- [Stored data]:
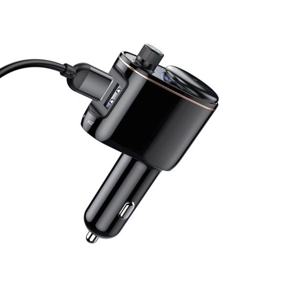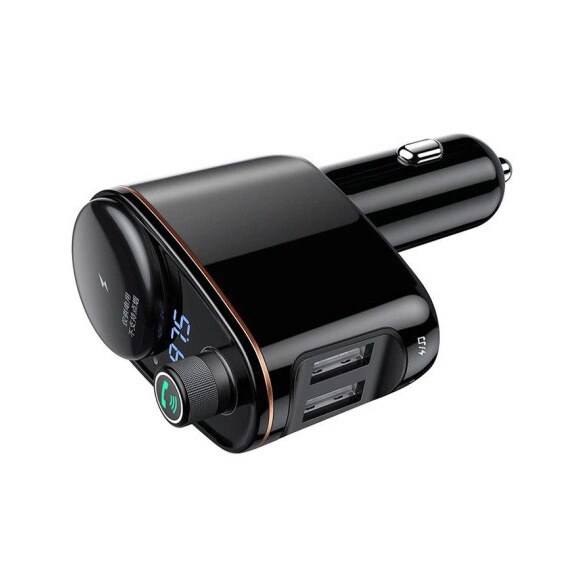 Baseus S-06 ist ein FM-Transmitter mit Bluetooth-Technologie, mit dem Sie auf Ihrem Telefon gespeicherte Musik über das Radio hören können. Koppeln Sie einfach Ihr Telefon mit dem Zubehör und suchen Sie dann auf dem Autoempfänger nach der entsprechenden Frequenz. Darüber hinaus verfügt der Sender über USB-A-Anschlüsse, über die wir beliebige Geräte aufladen können.
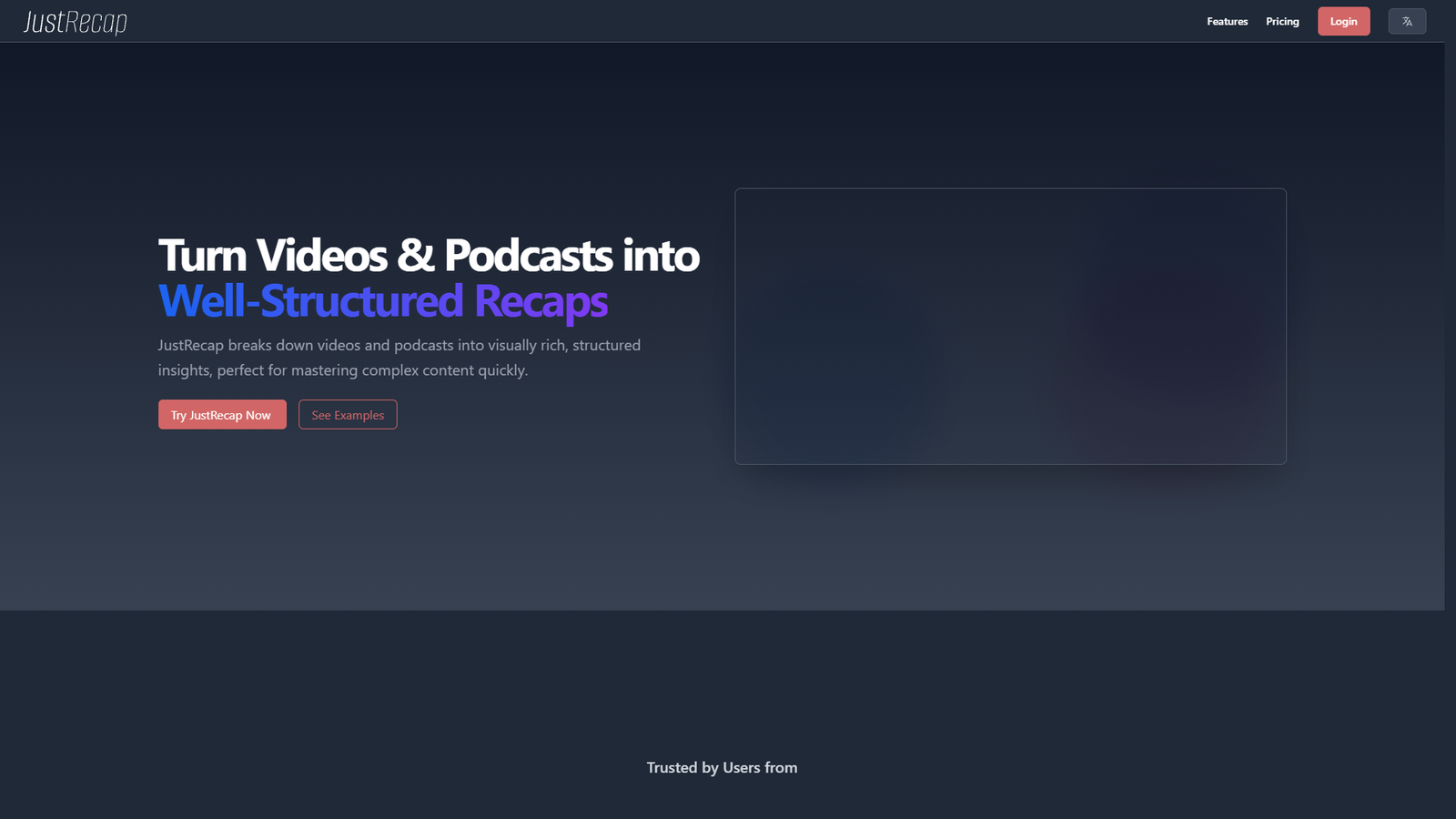 JustRecap превращает длинные видео и подкасты в структурированные конспекты с наглядными элементами. Вместо сплошного текста пользователь получает логично разбитый обзор, который удобно просматривать и к которому легко возвращаться.
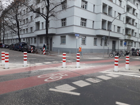 Mich haben ,als ich dort in die "angebliche Fahrradstraße" ( 2Richtungen Rad, mit entgegenkommender MIV -Einbahnstraße und Stehblech auf beiden Seiten)- hineinfuhr, zwei MIVs entgegen der Einbahnstraße überholt.... 😱 😱 👹
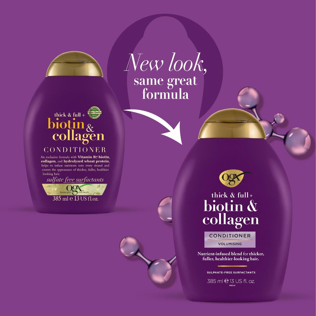 Sản phẩm dầu xả OGX Thick & Full + Biotin & Collagen Conditioner giúp cải thiện tình trạng gãy rụng, nuôi dưỡng tóc từ bên trong, mang đến cho bạn một mái tóc chắc khỏe và bồng bềnh nhờ hai thành phần dưỡng chất tuyệt vời là Biotin và Collagen.

- [Directions for this task]:
Leave every picture out and print exactly the lines from the one that contains "JustRecap превращает длинные" through the last line of the material above.

- [Result of this task]:
 JustRecap превращает длинные видео и подкасты в структурированные конспекты с наглядными элементами. Вместо сплошного текста пользователь получает логично разбитый обзор, который удобно просматривать и к которому легко возвращаться.
 Mich haben ,als ich dort in die "angebliche Fahrradstraße" ( 2Richtungen Rad, mit entgegenkommender MIV -Einbahnstraße und Stehblech auf beiden Seiten)- hineinfuhr, zwei MIVs entgegen der Einbahnstraße überholt.... 😱 😱 👹
 Sản phẩm dầu xả OGX Thick & Full + Biotin & Collagen Conditioner giúp cải thiện tình trạng gãy rụng, nuôi dưỡng tóc từ bên trong, mang đến cho bạn một mái tóc chắc khỏe và bồng bềnh nhờ hai thành phần dưỡng chất tuyệt vời là Biotin và Collagen.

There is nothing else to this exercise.